Free File seems to succeed in its first week

January 25, 2003|By Eileen Ambrose | Eileen Ambrose,SUN STAFF

In its first week, the Internal Revenue Service's free electronic filing service has experienced heavy online traffic, making it the agency's most popular Web page.

Free File, a partnership between the IRS and 17 tax preparer companies, offers free tax preparation and electronic filing to those who meet certain criteria. About 18 percent of the 3.5 million visits to the IRS Web site in the past week were to the Free File section, according to an IRS official.

Under a three-year agreement, the companies are providing the free service in exchange for the IRS not offering a competing service, said Terry Lutes, director of electronic tax administration for the IRS. The companies also hope that some customers may someday become paying clients, he said.

More preparers may be added.

The system allows taxpayers to plug their financial information into a preparer's software program, which calculates their taxes and files the return.

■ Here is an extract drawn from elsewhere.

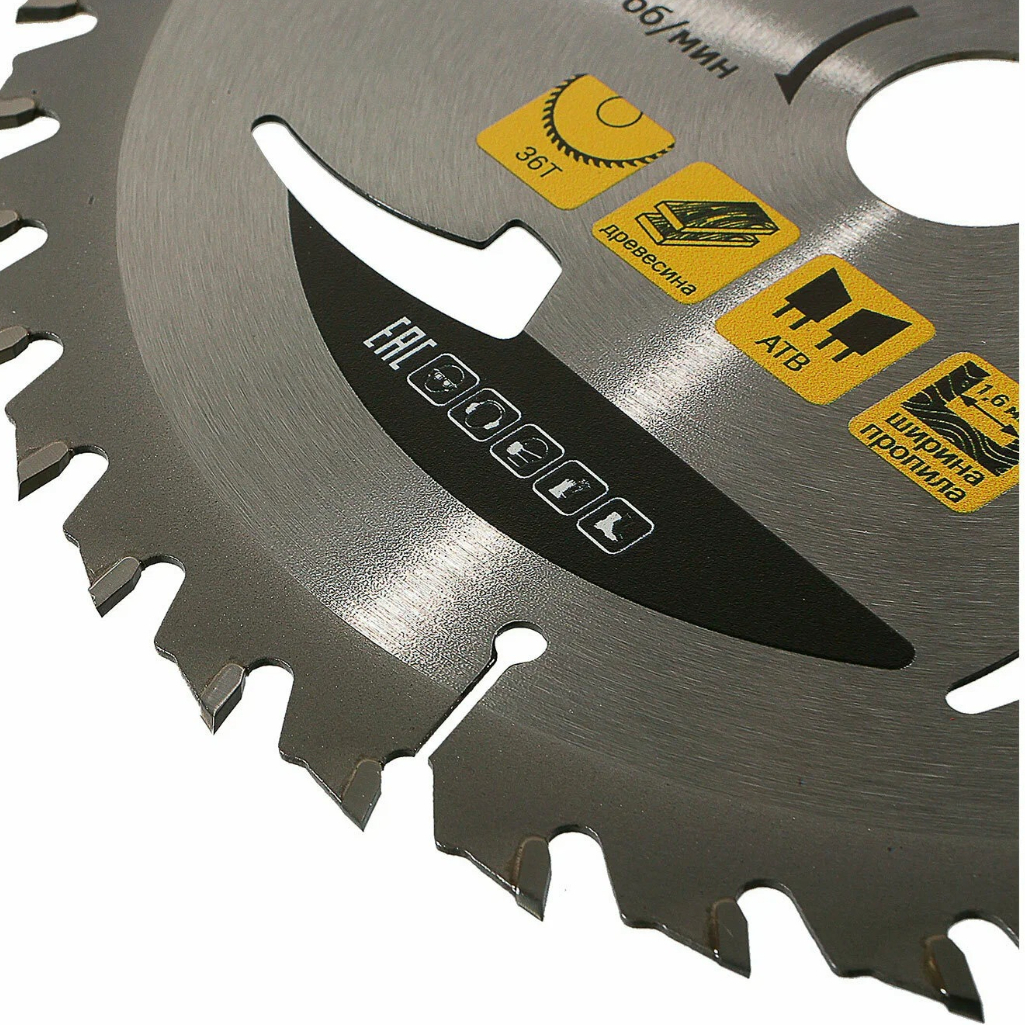 Зубья диска выполнены из твёрдого мелкозернистого сплава К10, что в 2,5 раза увеличивает его износостойкость. Это позволяет использовать диск в течение всего рабочего дня без перегрева. Тело диска изготовлено из прочной стали марки 65Mn, которая гарантирует его долговечность. Характеристики диска: диаметр 165 мм, толщина тела 1 мм, толщина реза 1,6 мм, количество зубьев 36.
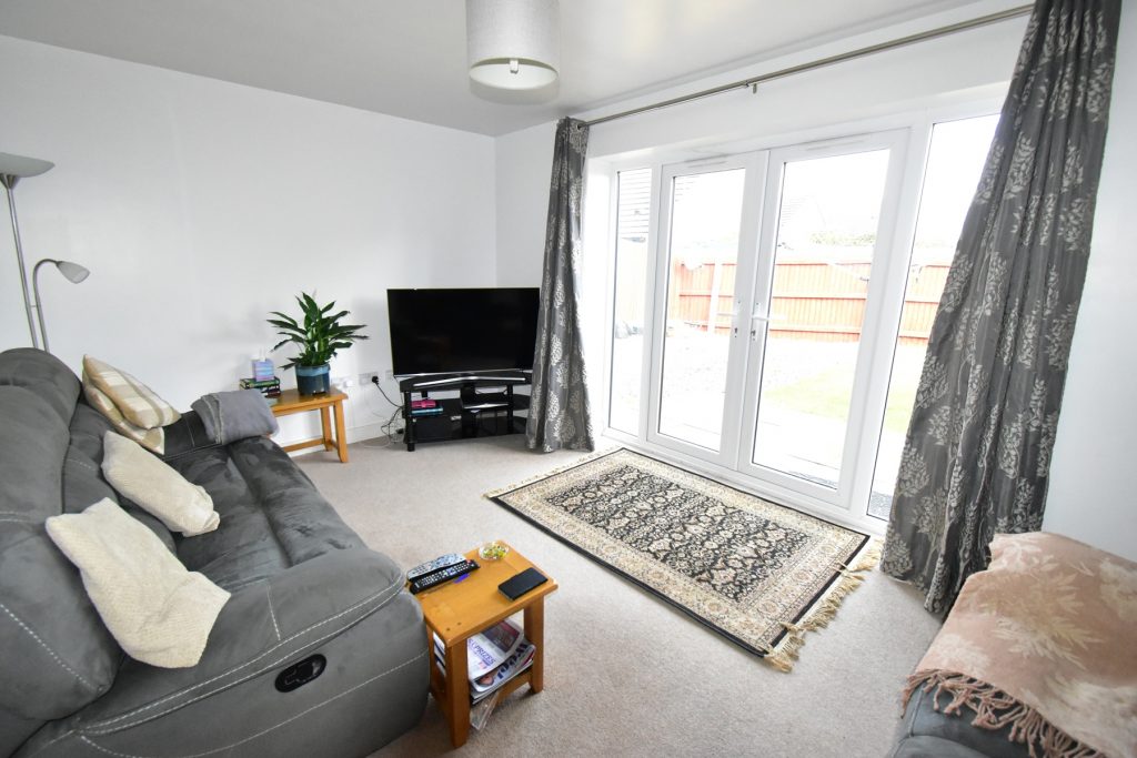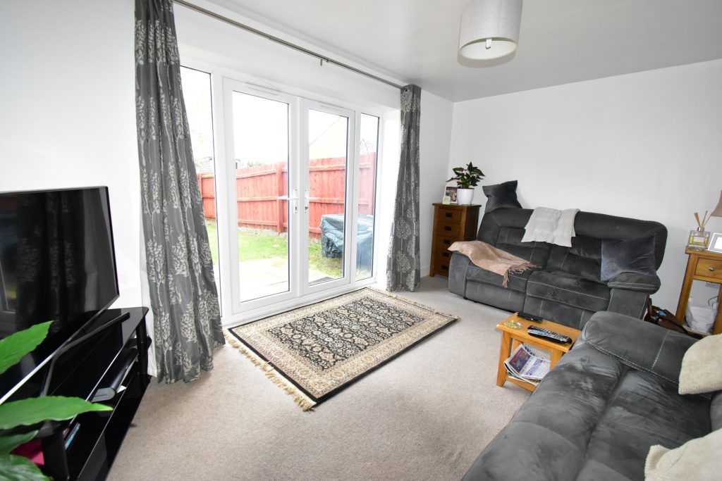 A welcoming living room with the benefit of patio doors opening onto the rear garden. There is a radiator, power points, TV aerial point and ceiling light point.

Participating preparers are posted on the agency's Web site,, although not all the companies were available during the first week. Some "had issues in testing," and sometimes sites must be taken down to correct a problem, Lutes said.

"This is the kind of thing that occurs in the first couple of weeks of the filing season," he said. "It's part of having to release whole new software each year."

Each preparer sets its own criteria for eligibility. Altogether, at least 60 percent of all filers, or 78 million, would be eligible, including more than 1.6 million Marylanders.

Many preparers are targeting lower-income households for the free service. However, those with income of $100,0000 or more, age 50 or older, or age 20 and younger are eligible for free filing with at least one preparer. All taxpayers in Arizona, Georgia, Michigan, Wisconsin, New York and Illinois are also eligible for free filing.

H&R Block, for example, offers the free service for those with adjusted gross income of $28,000 or less, which based on 2001 tax filings, would be about half of returns filed, said a spokesman for the preparer, Tom Linafelt in Kansas City, Mo.

While not divulging the number of clients served, Linafelt said Free File has "exceeded our expectations." Taxpayers benefit, he said, plus "we are getting exposure to this group of taxpayers who otherwise would not come in contact with the H&R brand."

Lutes said the IRS saves more than $1 in direct processing costs for each return filed electronically.

Last year, the agency had "a couple hundred people" dealing with electronically filed returns. "We had tens of thousands of people to process the other 85 million. It's clearly a savings for us," Lutes said.

For taxpayers, the advantages of filing online include fewer errors, quicker refunds, and an acknowledgement within 48 hours that their return has been received, Lutes said.

The IRS started electronic filing in 1986 with 25,000 returns filed in three Midwestern cities. Last year, nearly 47 million out of 132 million returns were filed electronically.

The IRS expects 54 million returns to be filed online this year, about 40 percent of filers, Lutes said. The goal is to have 80 percent of taxpayers filing electronically by 2007.